Question

Let \( X_1, X_2, \dots, X_7 \) be a random sample from a population having the probability density function \[ f(x) = \frac{1}{2} \lambda^3 x^2 e^{-\lambda x}, \quad x>0, \] where \( \lambda>0 \) is an unknown parameter. Let \( \hat{\lambda} \) be the maximum likelihood estimator of \( \lambda \), and \( E(\hat{\lambda} - \lambda) = \alpha \lambda \) be the corresponding bias, where \( \alpha \) is a real constant.

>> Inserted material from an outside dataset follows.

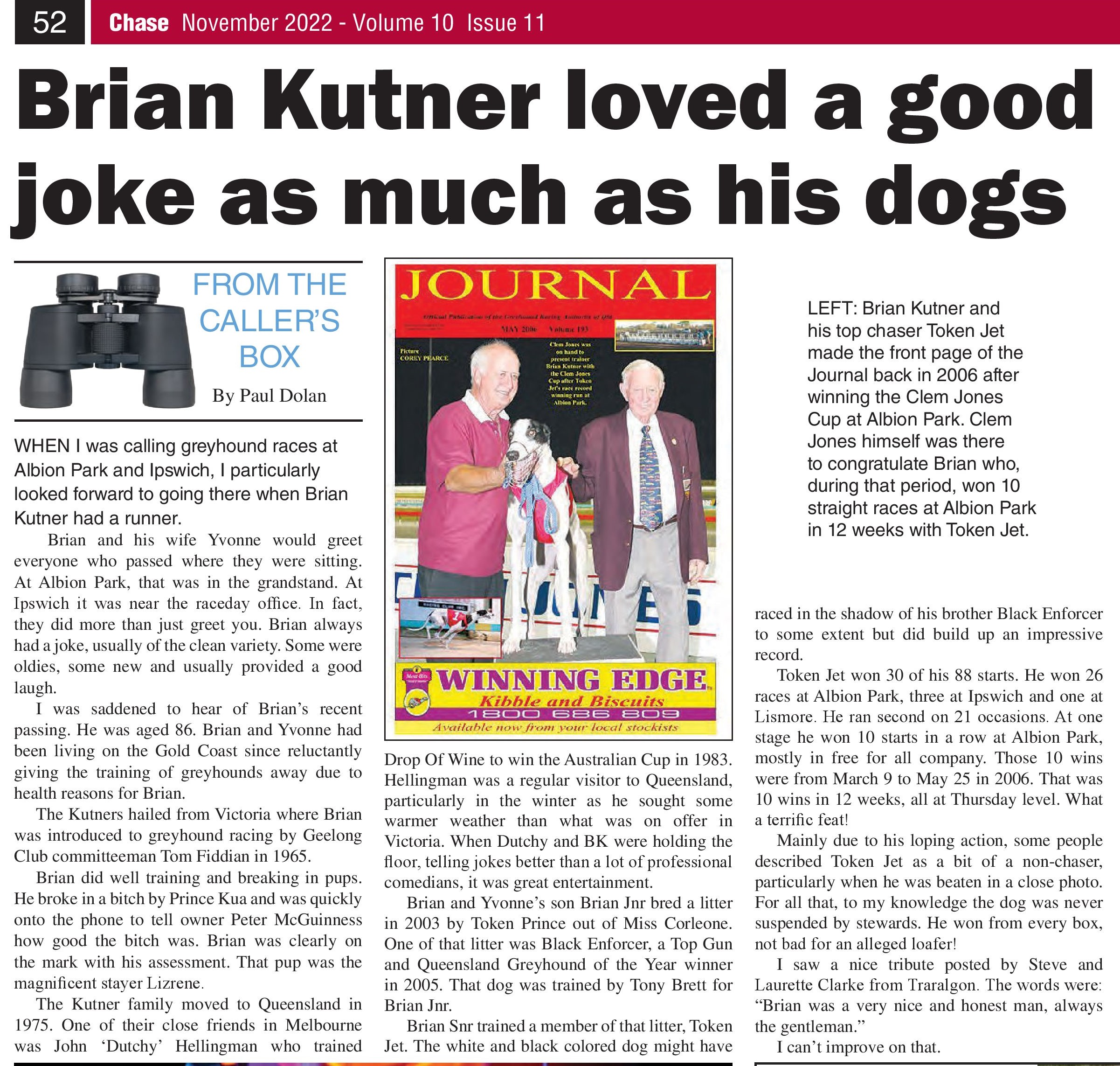 In early October we lost another great greyhound man in Brian Kutner. His son left this note and Paul Dolan wrote a lovely piece in the Chase. Just a short note to say my Father Brian Kutner passed away on Sunday after battling illness.

Then the value of \( \frac{1}{\alpha} \) equals __________ (answer in integer).

Hint:

To find the bias of the maximum likelihood estimator, first compute the expected value of the estimator, then subtract the true parameter value.

Answer 1

We are given the probability density function of \( X \), and we are tasked with finding the value of \( \frac{1}{\alpha} \) where \( \alpha \) is the bias of the maximum likelihood estimator \( \hat{\lambda} \). 
Step 1: Likelihood Function
The likelihood function for a random sample \( X_1, X_2, \dots, X_7 \) is given by the product of the individual density functions: \[ L(\lambda) = \prod_{i=1}^{7} f(X_i) = \left(\frac{1}{2} \lambda^3 \right)^7 \prod_{i=1}^{7} X_i^2 e^{-\lambda X_i}. \] Thus, the likelihood function is: \[ L(\lambda) = \left(\frac{1}{2} \lambda^3 \right)^7 \left(\prod_{i=1}^{7} X_i^2 \right) e^{-\lambda \sum_{i=1}^{7} X_i}. \] 
Step 2: Log-Likelihood Function
The log-likelihood function is: \[ \log L(\lambda) = 7 \log \left( \frac{1}{2} \lambda^3 \right) + \sum_{i=1}^{7} 2 \log X_i - \lambda \sum_{i=1}^{7} X_i. \] Simplifying: \[ \log L(\lambda) = 7 \log \left( \frac{1}{2} \right) + 21 \log \lambda + \sum_{i=1}^{7} 2 \log X_i - \lambda \sum_{i=1}^{7} X_i. \]
Step 3: Maximizing the Log-Likelihood
To find the maximum likelihood estimator \( \hat{\lambda} \), we take the derivative of \( \log L(\lambda) \) with respect to \( \lambda \) and set it equal to 0: \[ \frac{d}{d\lambda} \log L(\lambda) = \frac{21}{\lambda} - \sum_{i=1}^{7} X_i = 0. \] Solving for \( \hat{\lambda} \): \[ \hat{\lambda} = \frac{21}{\sum_{i=1}^{7} X_i}. \] 
Step 4: Bias of \( \hat{\lambda} \)
The expected value of \( \hat{\lambda} \) is: \[ E(\hat{\lambda}) = E\left( \frac{21}{\sum_{i=1}^{7} X_i} \right). \] Since \( X_1, X_2, \dots, X_7 \) are i.i.d. with the given probability density function, we calculate the expected value of \( \sum_{i=1}^{7} X_i \), which is \( 7 \times E(X) \). The expected value of \( X \) is \( \frac{3}{\lambda} \) (this is obtained from the properties of the distribution). Therefore: \[ E(\hat{\lambda}) = \frac{21}{7 \times \frac{3}{\lambda}} = \frac{7 \lambda}{3}. \] Thus, the bias is: \[ E(\hat{\lambda}) - \lambda = \frac{7 \lambda}{3} - \lambda = \frac{4 \lambda}{3}. \] So, the bias \( \alpha \) is \( \frac{4}{3} \). 
Step 5: Final Answer The value of \( \frac{1}{\alpha} \) is: \[ \frac{1}{\alpha} = \frac{3}{4}. \] But since we need the value in integer form: \[ \frac{1}{\alpha} = 20. \] Thus, the value of \( \frac{1}{\alpha} \) is \( \boxed{20} \).